** About this exercise **
Starting at the line that contains "- Misket büyüklüğünde", print each line exactly through the end of the listing. Skip any pictures and add nothing.

** Collected material **

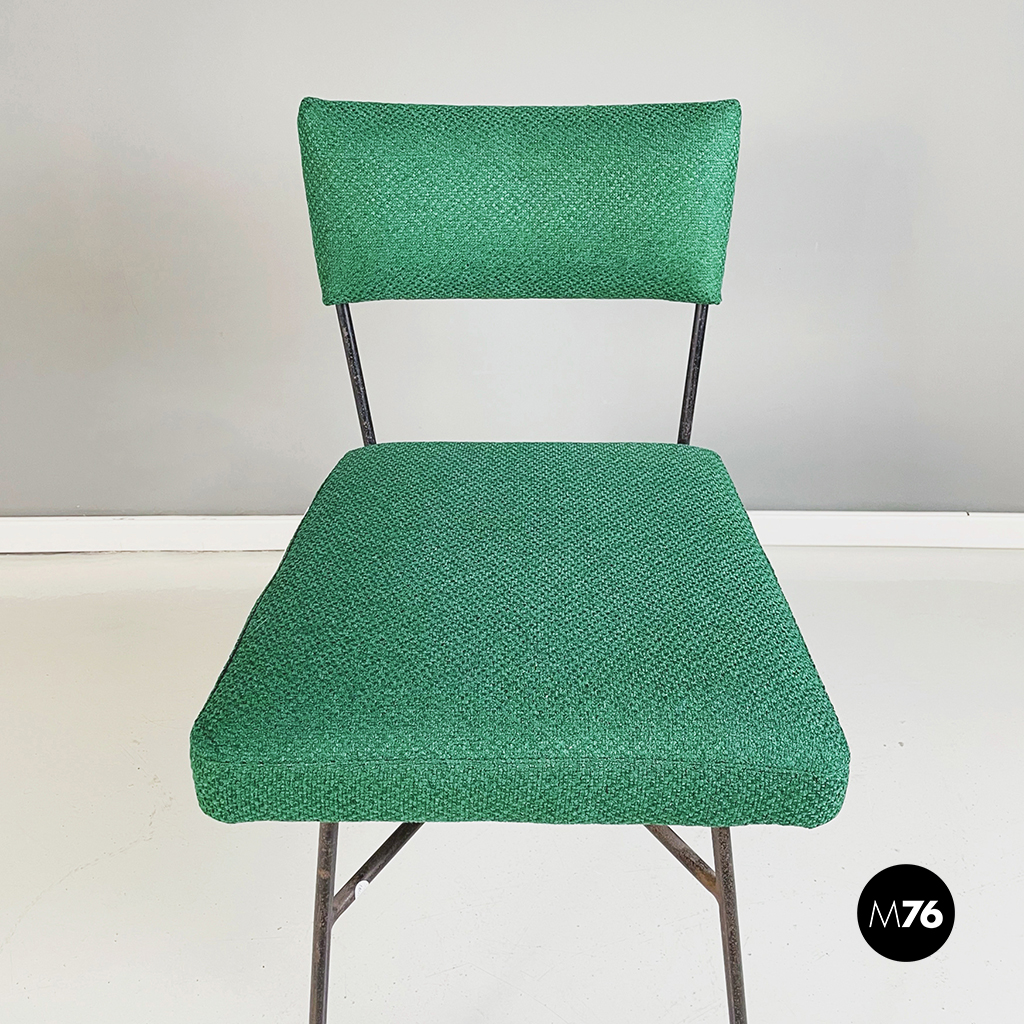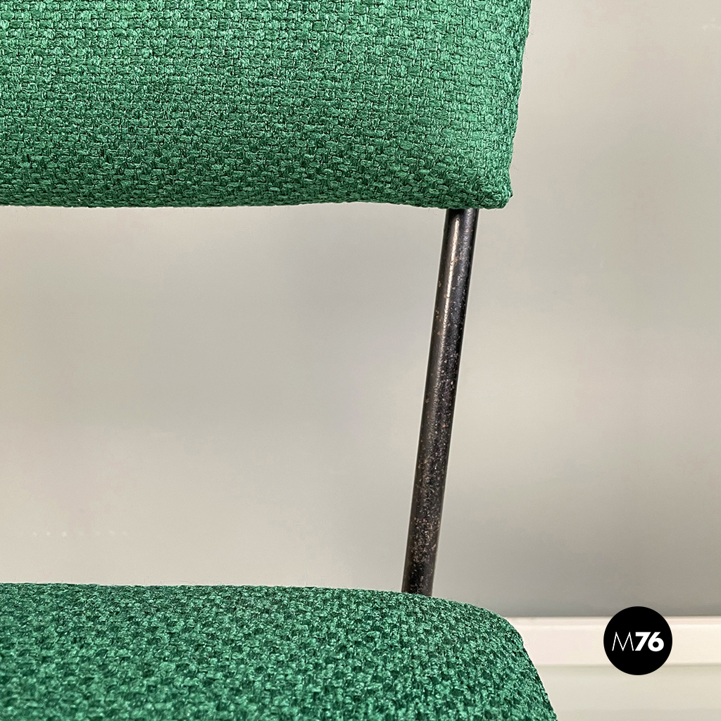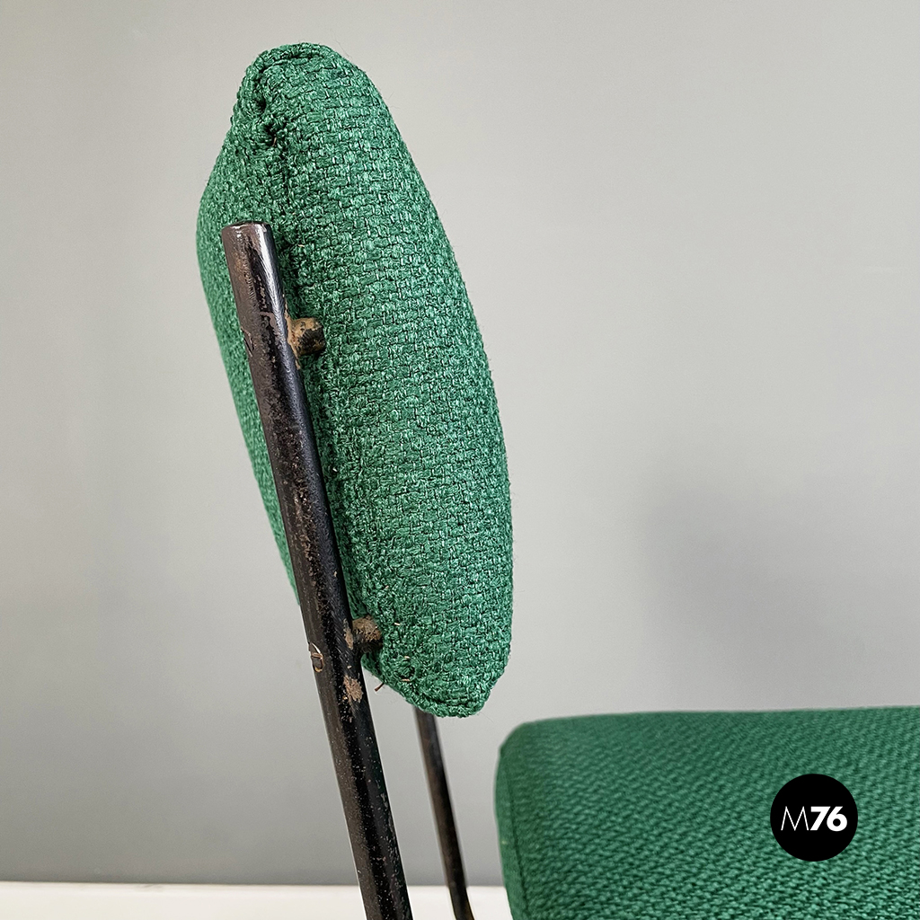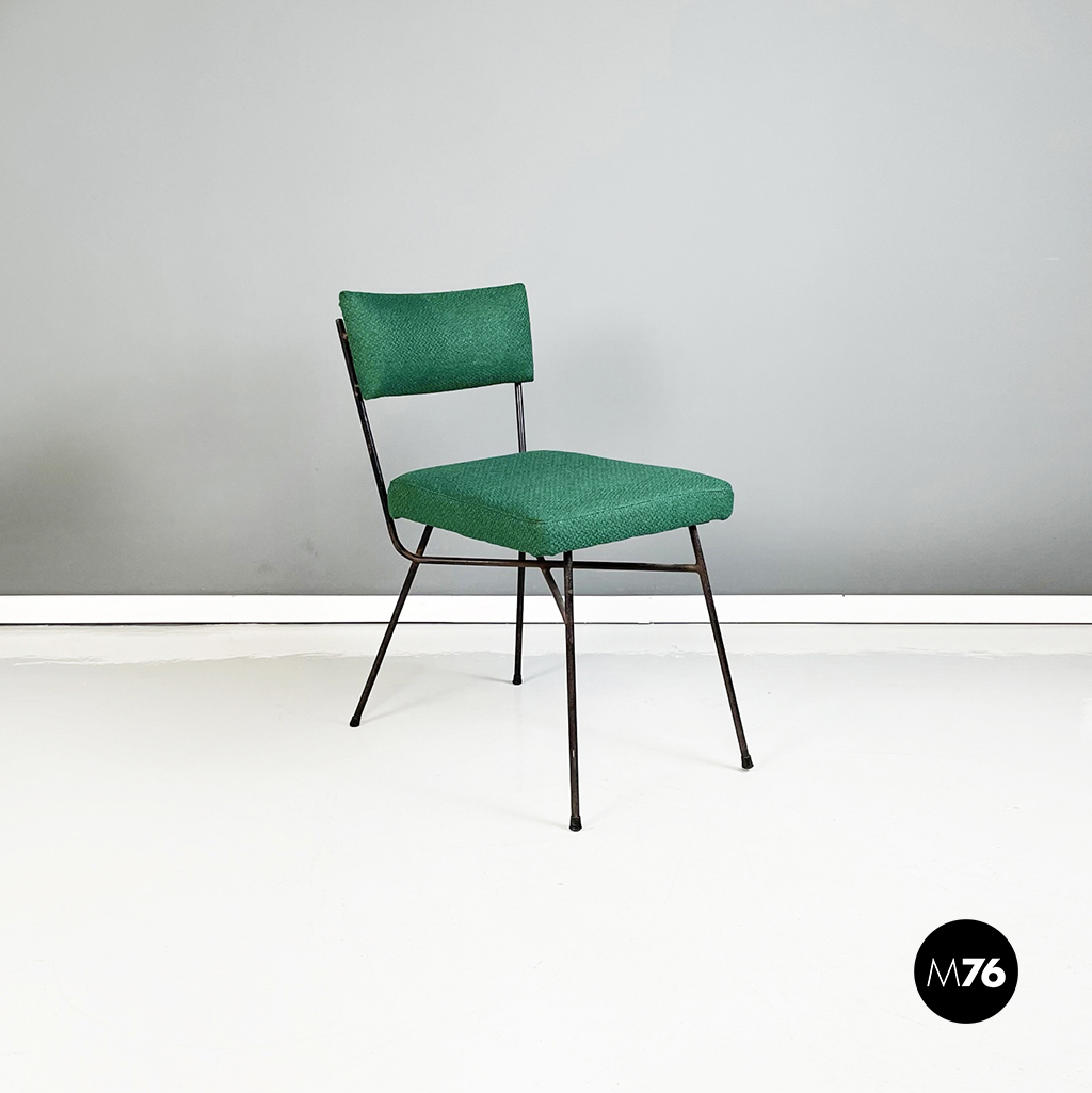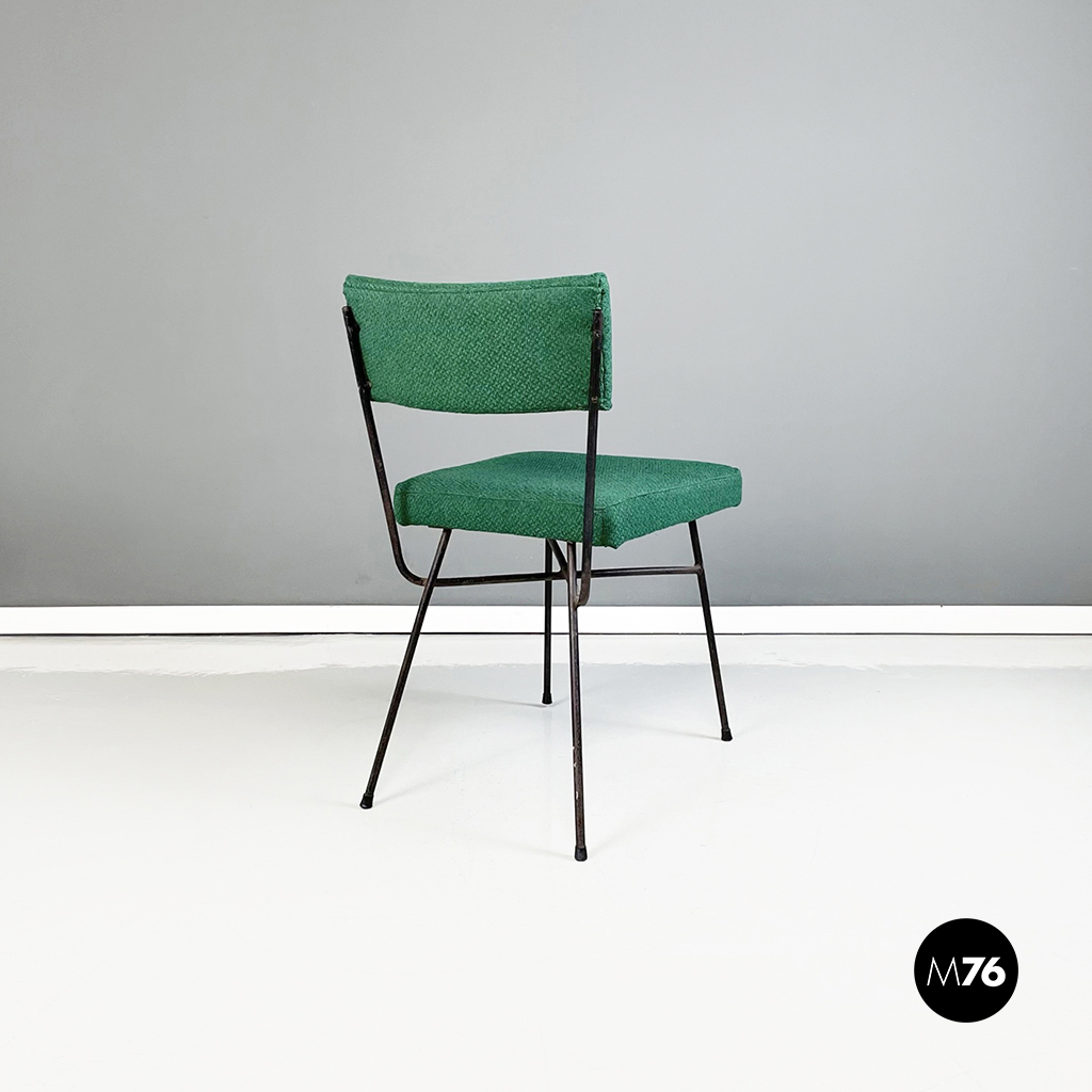 Sedia modello Elettra con seduta squadrata e schienale rettangolare incurvato in tessuto verde bosco. La struttura è in tondino di metallo verniciato nero.
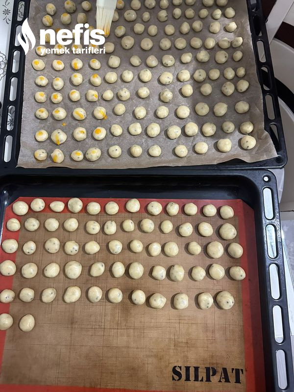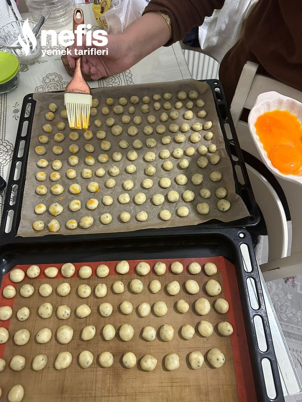 - Misket büyüklüğünde yuvarlaklar yapıp tepsiye diziyoruz.
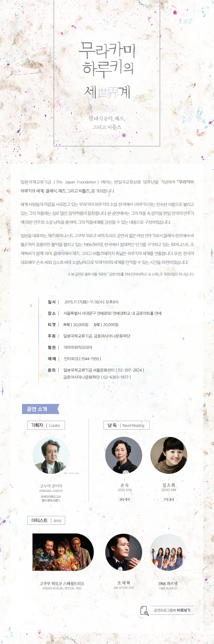 일본을 대표하는 재즈피아니스트, 고쿠부 히로코 씨의 트리오 공연과 젊은 여성 연주가로서 클래식 장르에서 비틀즈까지 종횡무진 활약을 펼치고 있는 1966콰르텟, 한국에서 절대적인 인기를 구가하고 있는 피아니스트, 조재혁 씨가 함께 하여, 클래식에서 재즈, 그리고 비틀즈에까지 폭넓은 하루키의 세계를 연출합니다. 또한, 한국의 대표배우 손숙 씨와 김소희 씨의 소설낭독으로 무라카미의 세계를 만끽할 수 있는 시간을 마련하였습니다.
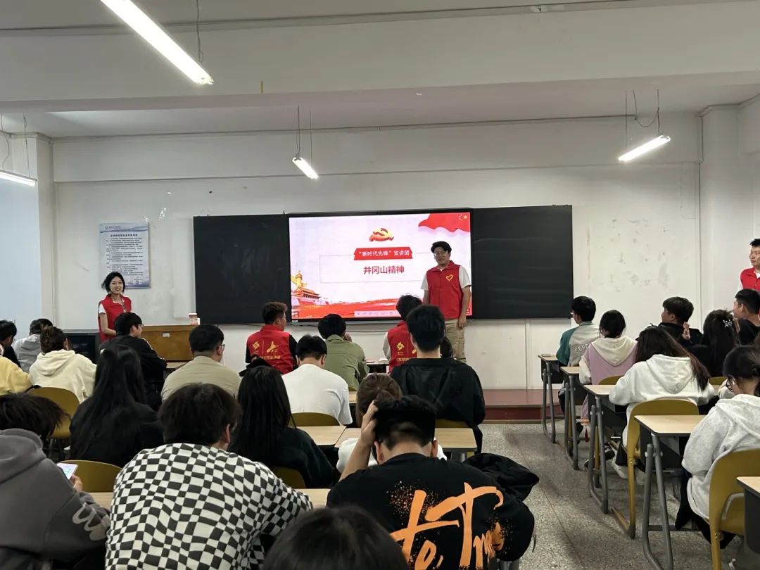 5月27日,“新时代先锋”宣讲团在教四402开展“井冈山精神”理论宣讲。宣讲由“新时代先锋”宣讲团团长周信飞主讲,2303311、2303312班全体同学参与学习。

** Answer box **
 - Misket büyüklüğünde yuvarlaklar yapıp tepsiye diziyoruz.
 일본을 대표하는 재즈피아니스트, 고쿠부 히로코 씨의 트리오 공연과 젊은 여성 연주가로서 클래식 장르에서 비틀즈까지 종횡무진 활약을 펼치고 있는 1966콰르텟, 한국에서 절대적인 인기를 구가하고 있는 피아니스트, 조재혁 씨가 함께 하여, 클래식에서 재즈, 그리고 비틀즈에까지 폭넓은 하루키의 세계를 연출합니다. 또한, 한국의 대표배우 손숙 씨와 김소희 씨의 소설낭독으로 무라카미의 세계를 만끽할 수 있는 시간을 마련하였습니다.
 5月27日,“新时代先锋”宣讲团在教四402开展“井冈山精神”理论宣讲。宣讲由“新时代先锋”宣讲团团长周信飞主讲,2303311、2303312班全体同学参与学习。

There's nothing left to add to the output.